What you produce should match the records below precisely, except that images are removed.
=-=-=-=-=
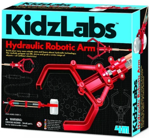Odkrijte, kako deluje hidravlika v praksi. Iz kompleta delov sestavite delujočo robotsko roko, ki jo upravljate z brizgalkami in vodo. Vsak gib roke in klešč je gladek in natančen, zato boste zlahka prijeli in prenesli drobne predmete – vse to brez elektronike.
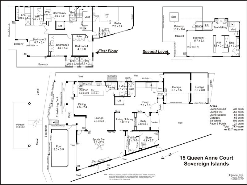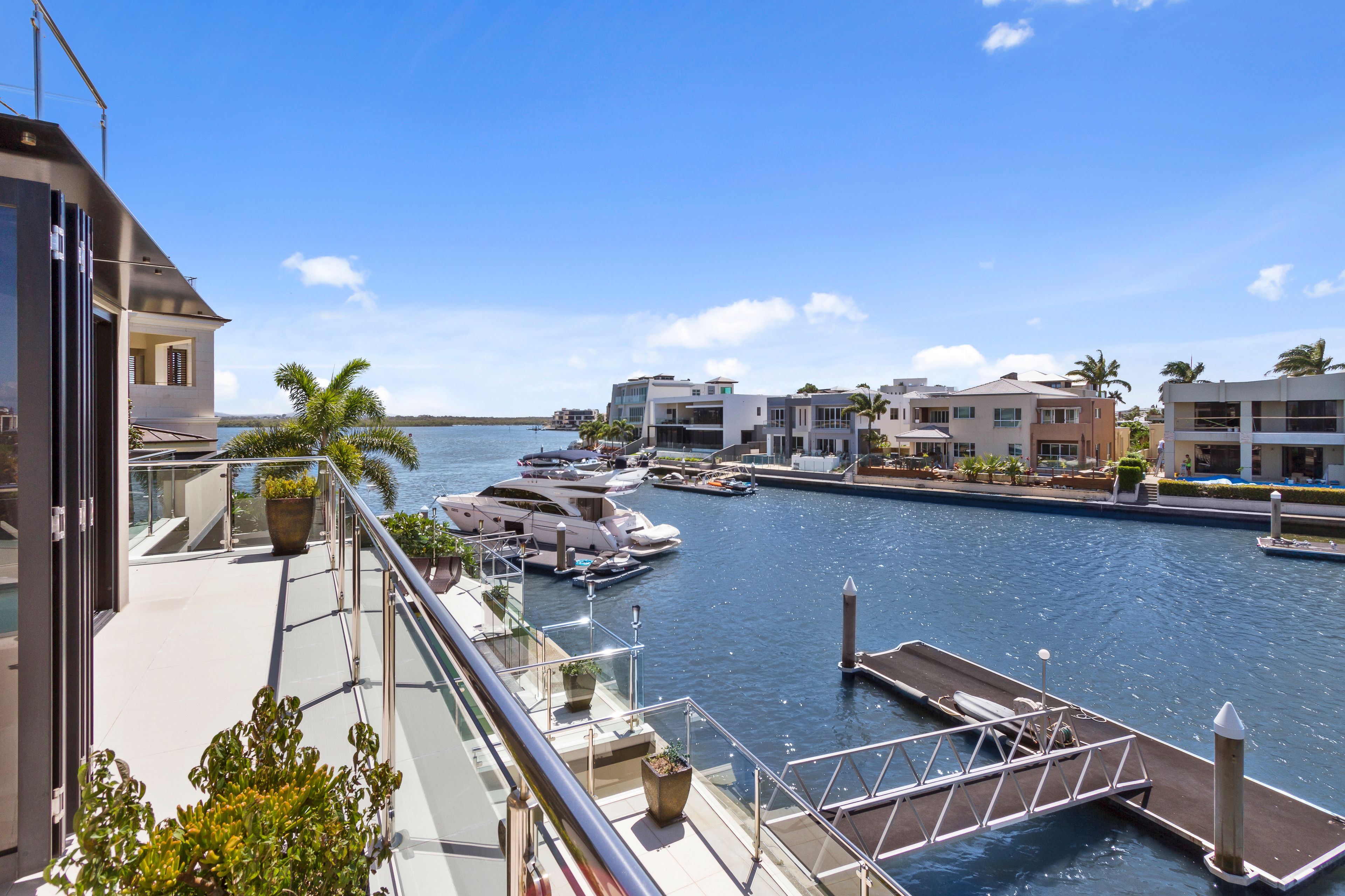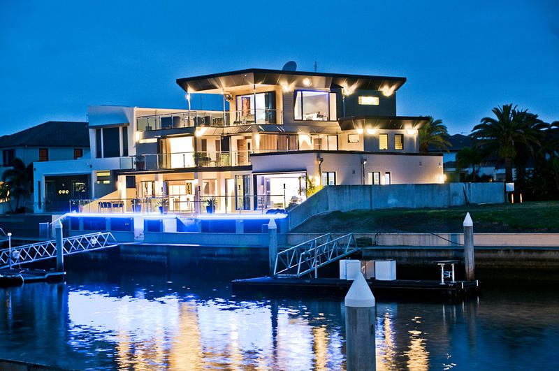 OF NOTE... - 5 bedrooms, 6 bathrooms plus guest powder room - Pontoon suitable for large boat with power and water, massive waterside storage - Shy zip screens and electric blinds, feature LED lighting throughout, - Porcelain tiling, imported wallpapers, wool carpets - C'Bus system for blinds, lighting, ducted sound, remote entry access, a touch of a button does it all - Eco friendly air-conditioning, back to base security - Lift servicing all levels - Sparkling pool by the water edge
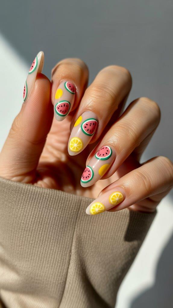 Why choose one fruit when you can have a salad on your fingers? Ask your tech for hand-painted watermelons, lemons, or cherries on a nude base. Keeping the base neutral ensures the art remains the star of the show. It’s playful, cute, and surprisingly classy on a slender almond tip.
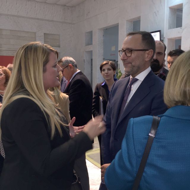 Alicia Jiménez aprovechó el encuentro para detallarle al embajador estadounidense las cualidades del tejido empresarial de Mazarrón y le incidió en el carácter potencial y la calidad de empresas como las hortofrutícolas que buscan ampliar mercados para exportar sus productos.
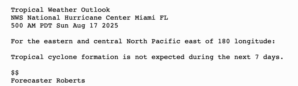 | Tropical Weather Outlook 500 AM PDT Sun 17 Aug 2025 1005 UTC Sun 17 Aug 2025 | |
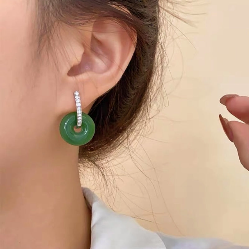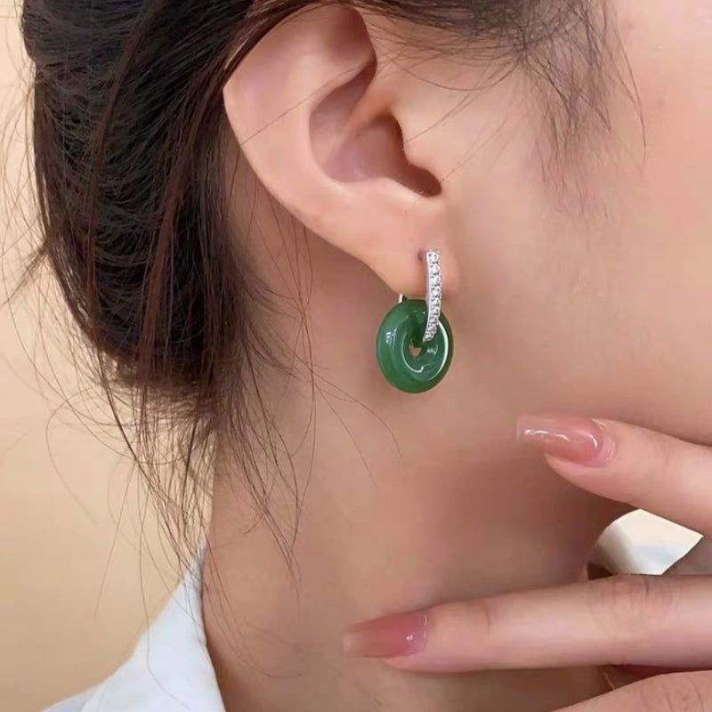 14K Gold-Plated Elegant Zircon Resin Green Jade Earrings
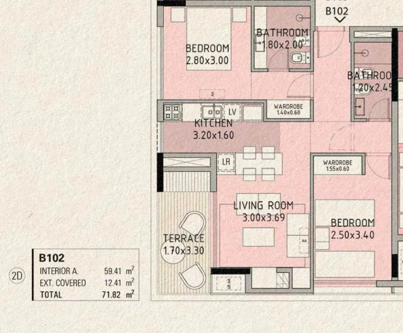 Apartamentos de 2 Dormitorios cuentan con living comedor, salida a terraza y cocina semi-integrada. Dos dormitorios, el principal en suite y un baño completo con posibilidad de hacerlo en suite también.
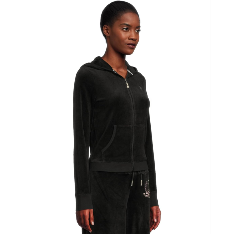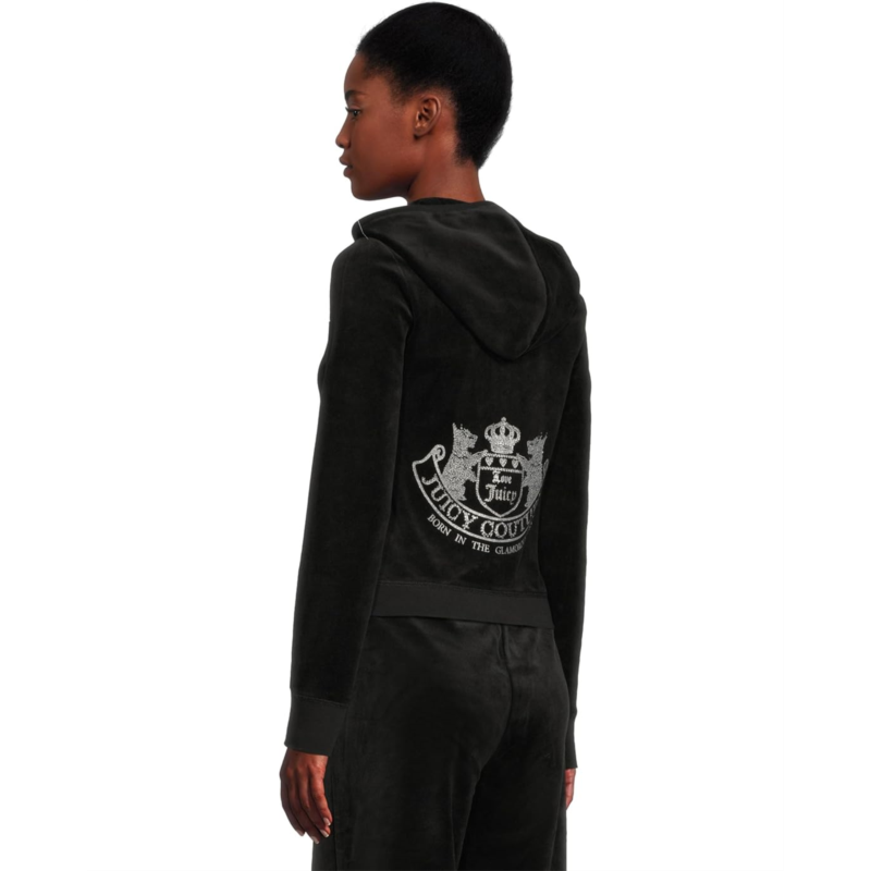 Step into iconic vibes with a modern twist, Juicy Couture brings back the glam in everyday comfort with the Heritage Rib Trim Kangaroo Pocket Track With Back. Designed to blend signature street style with cozy wearability, this track piece features a full zippered front closure for easy layering and a relaxed hooded neck that adds an effortless cool factor. The long sleeves and ribbed trim keep your look sharp while ensuring all-day comfort, while the roomy kangaroo pocket delivers both function and laid-back flair. A standout detail, the brand name shines boldly across the chest, showcasing Juicy''s signature heritage style.
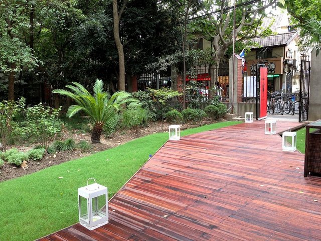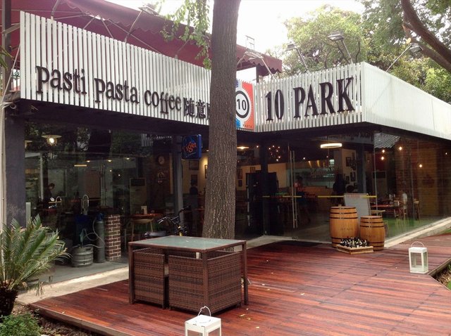 餐厅就在花园左边的一间平房里,落地玻璃大窗,里面的布置比较简洁休闲,小方桌摆放的蛮随意的。
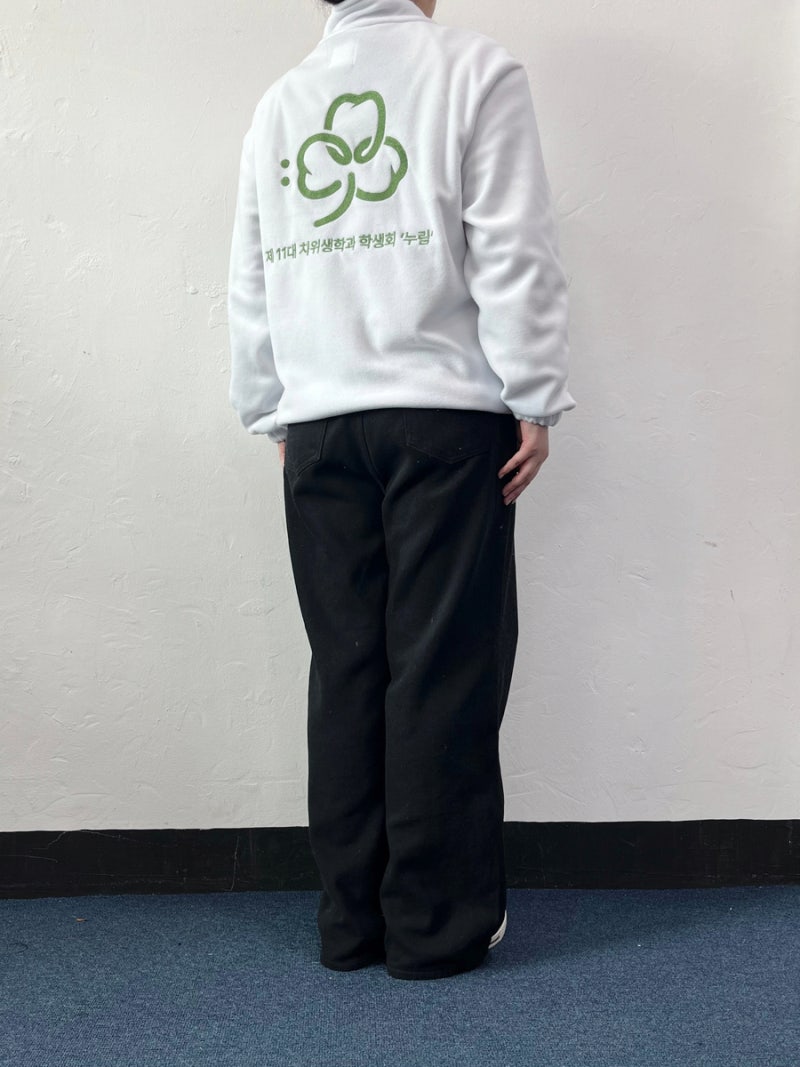 이번에 단국대학교에서는 화이트 컬러를 선택했으며, 등판에 자수 로고 작업을 통해 고급스럽고 완성도 높은 디자인을 완성했습니다.
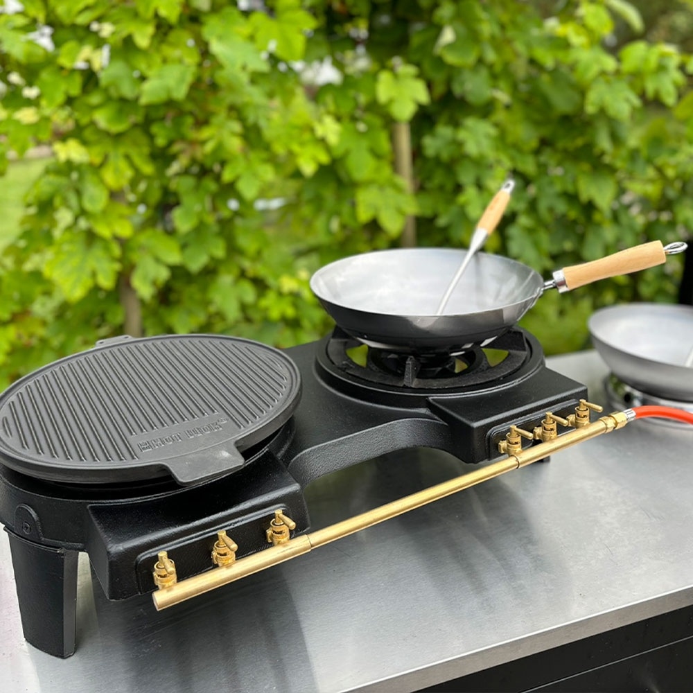 Med en kraftfuld effekt på 2 x 10 kW giver dette professionelle gasblus dig mulighed for at opnå ægte wok hei i dine retter. De to isolerede brændere lader dig tilberede forskellige retter samtidigt, mens tre individuelle haner pr. blus sikrer præcis varmestyring. Det er ideelt til travle køkkener, hvor høj varme og fleksibilitet er afgørende.
=-=-=-=-=
Result:
Odkrijte, kako deluje hidravlika v praksi. Iz kompleta delov sestavite delujočo robotsko roko, ki jo upravljate z brizgalkami in vodo. Vsak gib roke in klešč je gladek in natančen, zato boste zlahka prijeli in prenesli drobne predmete – vse to brez elektronike.
 OF NOTE... - 5 bedrooms, 6 bathrooms plus guest powder room - Pontoon suitable for large boat with power and water, massive waterside storage - Shy zip screens and electric blinds, feature LED lighting throughout, - Porcelain tiling, imported wallpapers, wool carpets - C'Bus system for blinds, lighting, ducted sound, remote entry access, a touch of a button does it all - Eco friendly air-conditioning, back to base security - Lift servicing all levels - Sparkling pool by the water edge
 Why choose one fruit when you can have a salad on your fingers? Ask your tech for hand-painted watermelons, lemons, or cherries on a nude base. Keeping the base neutral ensures the art remains the star of the show. It’s playful, cute, and surprisingly classy on a slender almond tip.
 Alicia Jiménez aprovechó el encuentro para detallarle al embajador estadounidense las cualidades del tejido empresarial de Mazarrón y le incidió en el carácter potencial y la calidad de empresas como las hortofrutícolas que buscan ampliar mercados para exportar sus productos.
 | Tropical Weather Outlook 500 AM PDT Sun 17 Aug 2025 1005 UTC Sun 17 Aug 2025 | |
 14K Gold-Plated Elegant Zircon Resin Green Jade Earrings
 Apartamentos de 2 Dormitorios cuentan con living comedor, salida a terraza y cocina semi-integrada. Dos dormitorios, el principal en suite y un baño completo con posibilidad de hacerlo en suite también.
 Step into iconic vibes with a modern twist, Juicy Couture brings back the glam in everyday comfort with the Heritage Rib Trim Kangaroo Pocket Track With Back. Designed to blend signature street style with cozy wearability, this track piece features a full zippered front closure for easy layering and a relaxed hooded neck that adds an effortless cool factor. The long sleeves and ribbed trim keep your look sharp while ensuring all-day comfort, while the roomy kangaroo pocket delivers both function and laid-back flair. A standout detail, the brand name shines boldly across the chest, showcasing Juicy''s signature heritage style.
 餐厅就在花园左边的一间平房里,落地玻璃大窗,里面的布置比较简洁休闲,小方桌摆放的蛮随意的。
 이번에 단국대학교에서는 화이트 컬러를 선택했으며, 등판에 자수 로고 작업을 통해 고급스럽고 완성도 높은 디자인을 완성했습니다.
 Med en kraftfuld effekt på 2 x 10 kW giver dette professionelle gasblus dig mulighed for at opnå ægte wok hei i dine retter. De to isolerede brændere lader dig tilberede forskellige retter samtidigt, mens tre individuelle haner pr. blus sikrer præcis varmestyring. Det er ideelt til travle køkkener, hvor høj varme og fleksibilitet er afgørende.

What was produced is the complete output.